Escribir es enamorarme del blanco,

dejar que la nieve me ciegue.

Es abrazar el cielo y herirlo

como el rayo que apuñala la nube.

 

Escribir es reventarme en el viento

como un cáliz.

Es anidar un desierto que la luz no ve.

 

Escribir es cerrar los ojos,

respirar y ahogarme

en el mismo aliento.

 

Escribir es borrarme,

ser llama que alumbra otra llama.

Es arder de estrella en estrella,

hasta extinguirme solo (Guinda, 2019: 34).

    Dicho recurso de hacer del poema discurso sobre sí mismo, sobre su origen y existencia, es también, de alguna manera es discurso del origen y desaparición del universo, comprende en “Oscura nieve” (curioso título con un hermoso oxímoron) un mundo imposible en el que hay una hermosa personificación en la que el cuerpo de las metáforas, su forma ya sin vida es sepultada: “entierran al sol/las metáforas solitarias”, y desde la ausencia de existencia, ¿lugar común al origen del que surgen antes de existir?, se encuentran “sepultadas/se cuentan a sí mismas/las sílabas”.

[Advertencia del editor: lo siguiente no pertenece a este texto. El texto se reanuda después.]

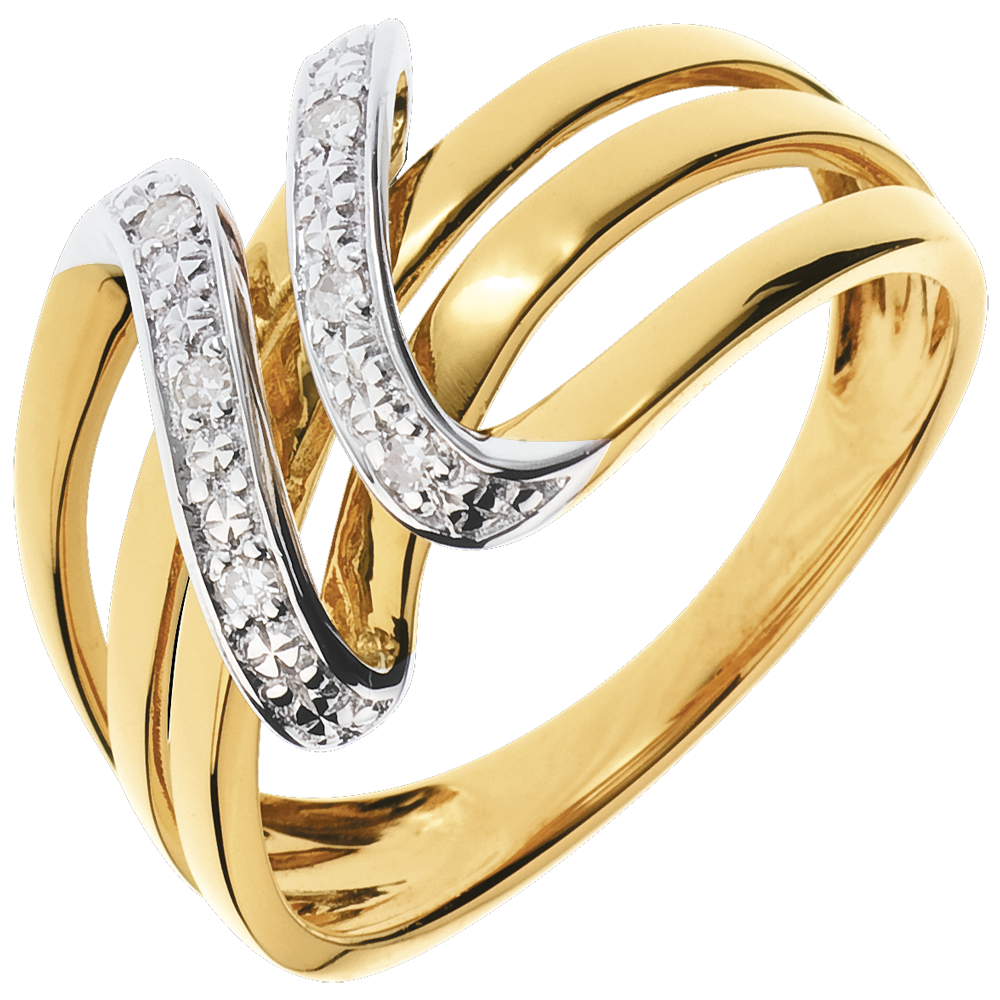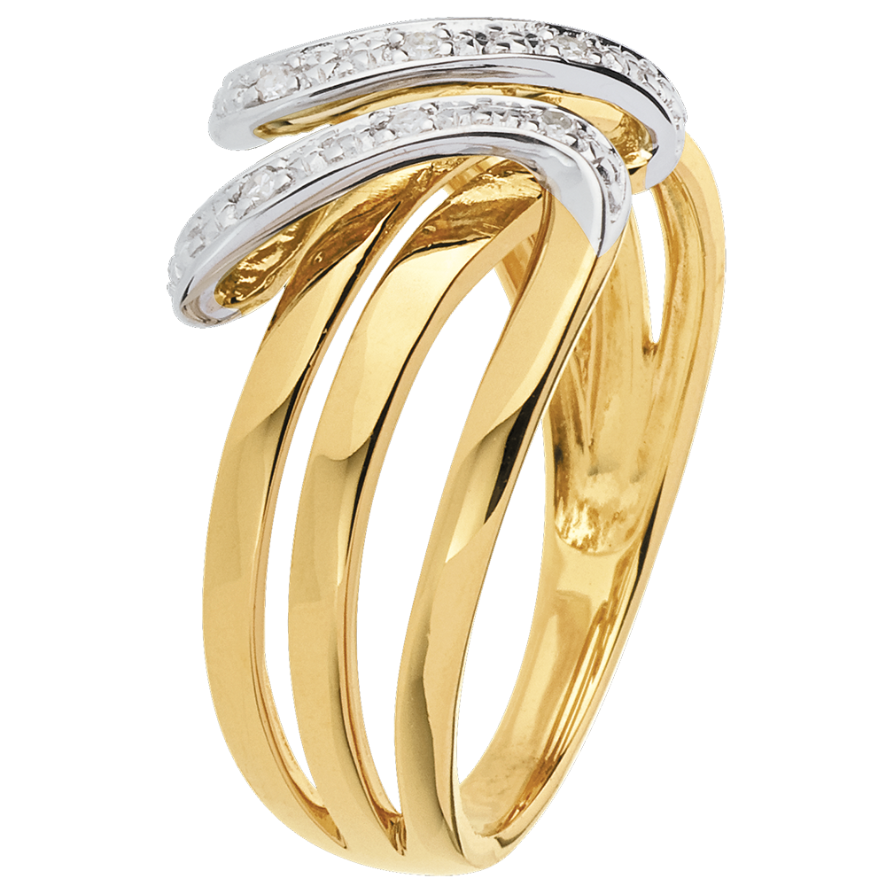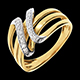 Ein Ring, der sich zu bewegen scheint! Die harmonisch geschwungene Fassung aus Gelbgold ist veredelt durch zwei diamantbesetzte Bögen. 6 Diamanten : 0.04 Karat - Weiß-und Gelbgold (750/-): 3.4 g. Weitere Abmessungen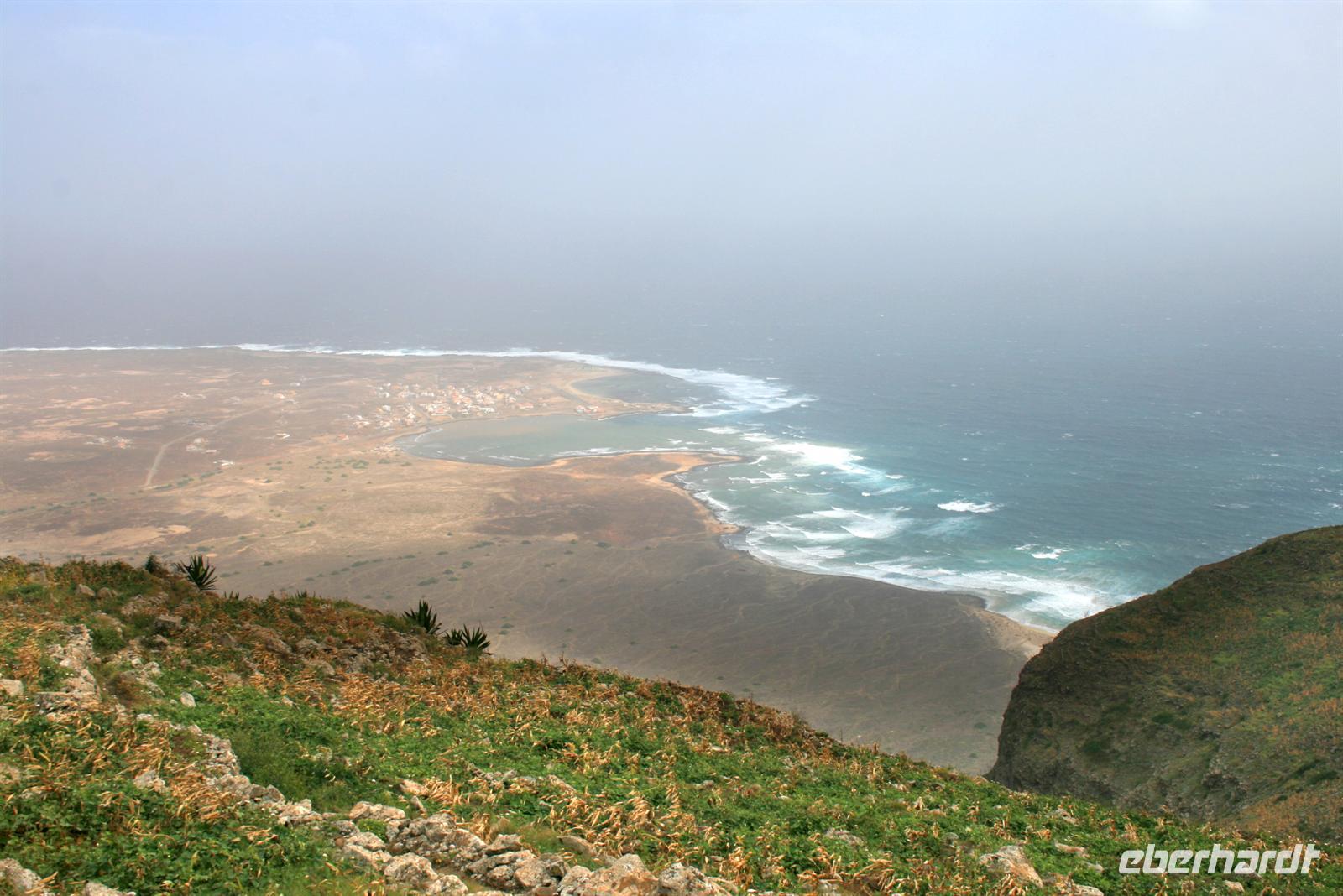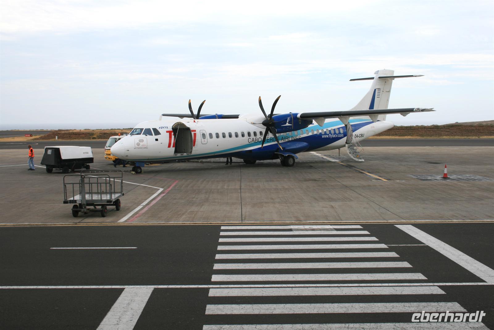 Dann kommt das Flugzeug an und wird erstmal ent- und wieder beladen, betankt und gereinigt. Alles läuft sehr ruhig ab, niemand rennt oder macht Stress. Das ist die kapverdische Mentalität. Auch in der inzwischen voll gewordenen Abflughalle regt sich niemand auf. Das scheint wirklich völlig normal zu sein. Schließlich können wir ins Flugzeug, zu Fuß über die kleine Rollbahn. Es ist eine Propellermaschine mit je vier Sitzen nebeneinander. Das Flugzeug ist modern und es besteht kein Grund zur Sorge bezüglich der Sicherheit. Wir starten mit etwa einer Stunde Verspätung gegen 11.45 Uhr nach Sao Filipe auf die Insel Fogo. Der Flug dauert nur ca. 30 Minuten, Getränke oder Verpflegung gibt es nicht an Bord. Wir landen um 12.15 Uhr auf der "Feuerinsel" Fogo. Bei guter Sicht hat man aus dem Flugzeug schon einen ersten Blick auf den gleichnamigen Vulkan. Bei uns ist es wie so oft etwas diesig.

     Las palabras son presentadas en el poema “Solas”, en su soledad cuando el lector y el que las crea desaparecen, se quedan abandonadas ante su existencia, miran para ver quiénes son, qué sentido tiene su existir, que pueden llegar a ser en quiénes las lean, qué entenderán de su esencia. Vislumbramos así una belleza poética que es casi una fábula que personifica las palabras poéticas, que se miran en el pozo del lenguaje para adquirir consciencia de que no son nada:

Unas palabras solas en la oscuridad,

sin que nadie las lea,

son piedra más viva

que un poema.

Unas palabras abandonadas

se asoman al pozo

para verse

sin comprender lo que ven. (Guinda, 2019: 38).

 

    La desaparición está presente en todo el poemario, en “Pacto” se alude a esta: “Seré viejo vagar y pasadizo entre planetas”.  ¿Cuál será el puente entre el ser y el no-ser?, ¿Dónde irá el ser, ¿ y su energía descrita líricamente como furia de fe?, ¿retornará esta a un orden universal que desconoce? Hermosa descripción en la que el yo es pasaje poético de su desaparición que invita a imaginar un sol que es sangre y un no-ser que regresa al fuego, a una parte de la esencia de los cuatro elementos de los que todo surgió y a través de los que se retorna a su final y origen, siendo cierre circular de este proceso alquímico hacia la disolución:

Cuando yo muera

[…]

Seré viejo vagar,

pasadizo entre planetas.

 

El viento se llevará mis ramas amargas.

Mi sol se desangrará

y me entregará al fuego. (Guinda, 2019: 36).

     El poemario cierra este ciclo de origen-retorno, con “Volver a ver”, parodia de “No volveré a ser joven”. El sol cuando queme al yo poético hará de este llamas que regresan al sol originario. No volverá a ver, pero volverá en su final a la visión cegadora del principio. Comprenderá entonces que no volver a ver es ser ciego, para desde esa oscuridad total contemplar el origen anterior al ver originario. Ser entonces savia de la oscuridad que asciende a su fuente de luz, a la ausencia que envuelve el instante del ser que es el existir,  cerrar un paréntesis infinito constituido en su interior por una pregunta, dictada esta desde el silencio que no encuentra en el logos el límite que contenga el sentido y la respuesta del cosmos.

BIBLIOGRAFÍA

-Gracia, Ángel (2019): Alumbres, Diputación Provincial de Zaragoza, Zaragoza.

-Hernández de La Fuente, David (2011): Vidas de Pitágoras según Porfirio, Jámbico, Diógenes Laercio, Diodoro de Sicilia, Focio de Constantinopla, Atlanta, Girona.